What you will do: Go to the line with "Die Speisekarten in" in the records below, then output it and each following line exactly, up to and including the line with "- Tapicerowany przód". Skip pictures and add nothing.

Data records
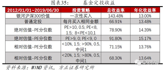在简单的“定时定额”投资基础上,我们可以结合指数估值的方式,指数估值高时少投,估值低时多投。例如PE>10,买入0.5份;PE<8时,买入1.5份;8<PE<10时,买入1份,年化收益率提升至15.17%,总收益率提升到98.8%。也可以采取结合指数历史PE分位数的方法进行投资,收益见图表35。
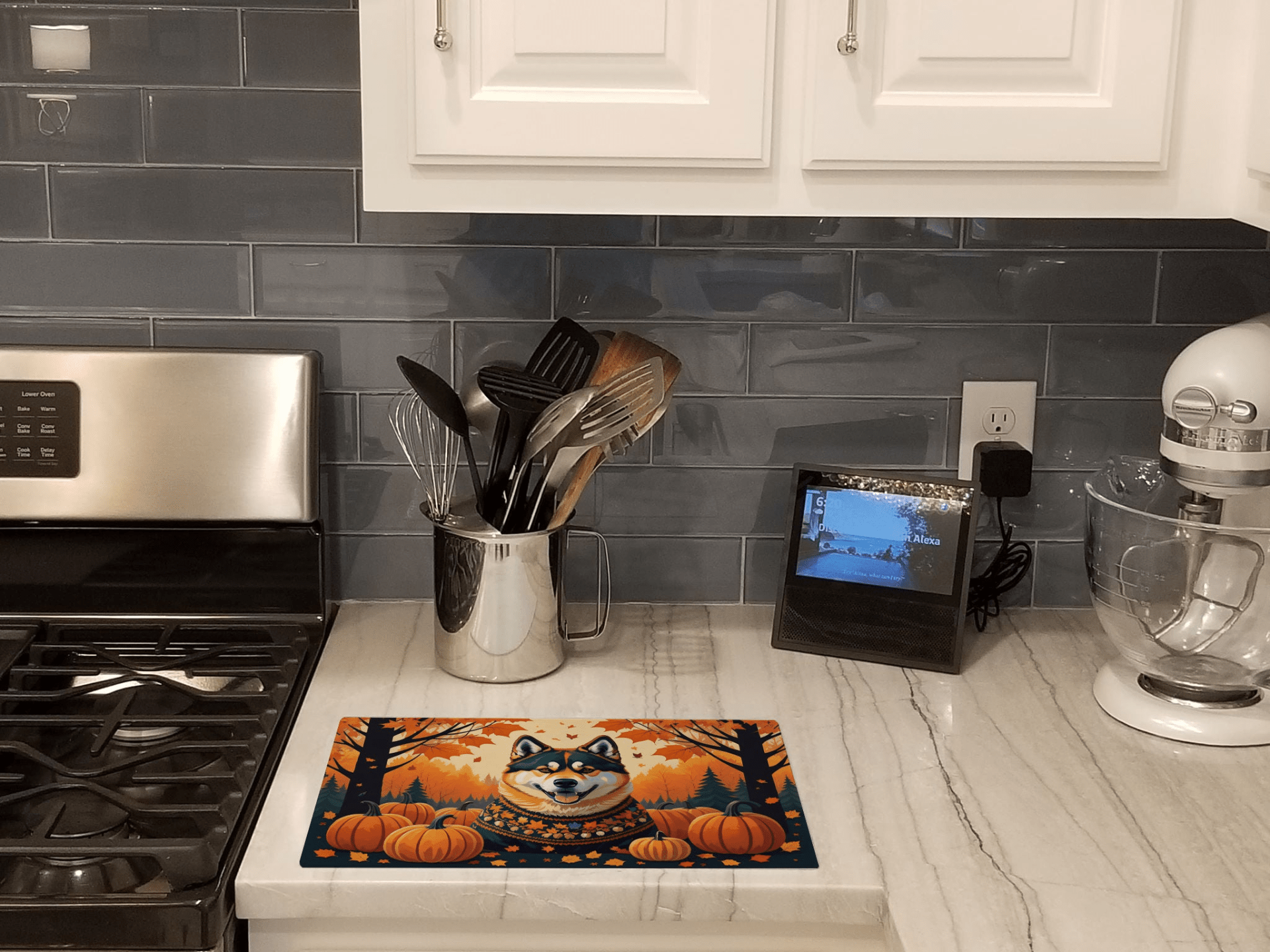 Glass Cutting Board featuring breed specific Akita artwork. Introduce your kitchen to the vibrant, large Decorative Glass Cutting Board from Caroline's Treasures. Crafted from resilient tempered glass, this board is not only a utilitarian necessity but also a colorful art piece. With its generous dimensions of 15 inches in height and 12 inches in length, it offers ample space for all your cutting needs. Every piece showcases captivating artwork from distinguished artists, bringing an aesthetic edge to your kitchen. Beyond its attractive design, this cutting board ensures your countertop stays pristine and unscathed, owing to its heat-resistant properties. Engineered with user convenience in mind, it features non-skid feet for stability, and rounded corners for additional safety. Its robust construction renders it virtually unbreakable, guaranteeing longevity. The board comes with protective feet bumpers, maintaining its position during use. This product is recommended to be hand washed only. Proudly printed and assembled in the United States, this cutting board exemplifies superior craftsmanship. With Caroline's Treasures' Decorative Glass Cutting Board, you're investing in a blend of functionality and artistic flair.
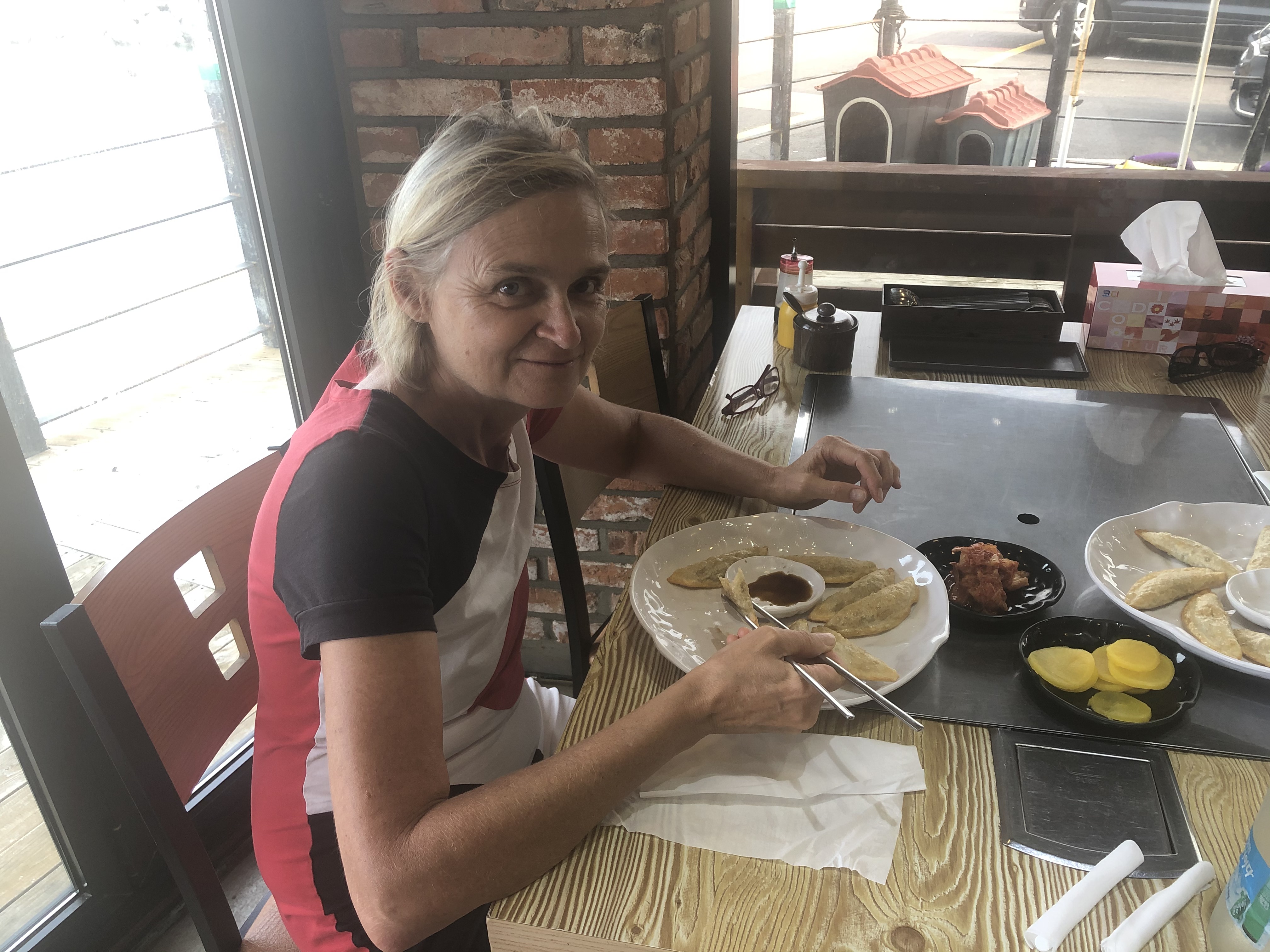 Die Speisekarten in Korea sehen entsprechend aus: Fisch, Krabben, Garnelen und auch viel Fleisch. Da ist das Essen nicht immer leicht. Manchmal gehen wir zu McDonalds. Aber heute haben wir Dumplings (Maultaschen) bestellt.
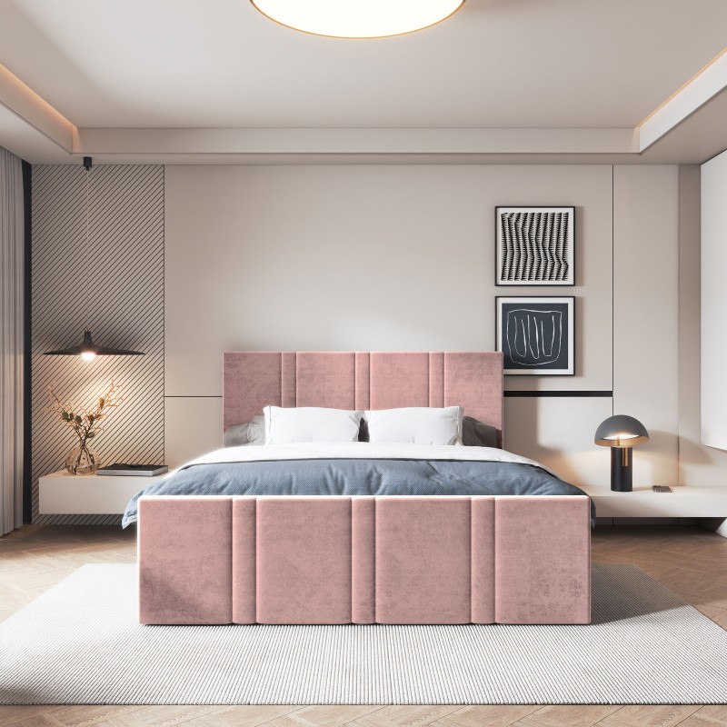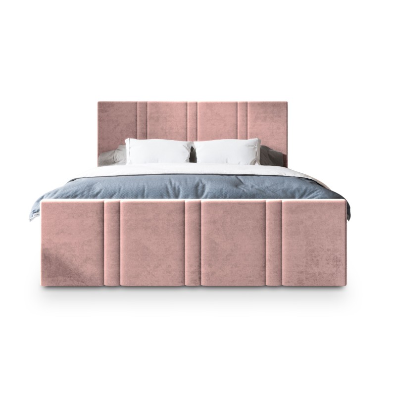 - Tapicerowany przód – dopracowana forma z każdej strony. Przód łóżka również został wykończony tkaniną i ozdobiony pionowymi przeszyciami, co podkreśla spójną, elegancką estetykę całej konstrukcji. To rozwiązanie idealne do nowoczesnych i stylowych wnętrz.
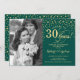 Invitación del 30 Aniversario de Boda con Foto. Diseño elegante en oro y verde esmeralda con letra script y confeti. Se puede personalizar para mostrar cualquier año de matrimonio. ¡Salud por 30 años!

Exercise solution:
 Die Speisekarten in Korea sehen entsprechend aus: Fisch, Krabben, Garnelen und auch viel Fleisch. Da ist das Essen nicht immer leicht. Manchmal gehen wir zu McDonalds. Aber heute haben wir Dumplings (Maultaschen) bestellt.
 - Tapicerowany przód – dopracowana forma z każdej strony. Przód łóżka również został wykończony tkaniną i ozdobiony pionowymi przeszyciami, co podkreśla spójną, elegancką estetykę całej konstrukcji. To rozwiązanie idealne do nowoczesnych i stylowych wnętrz.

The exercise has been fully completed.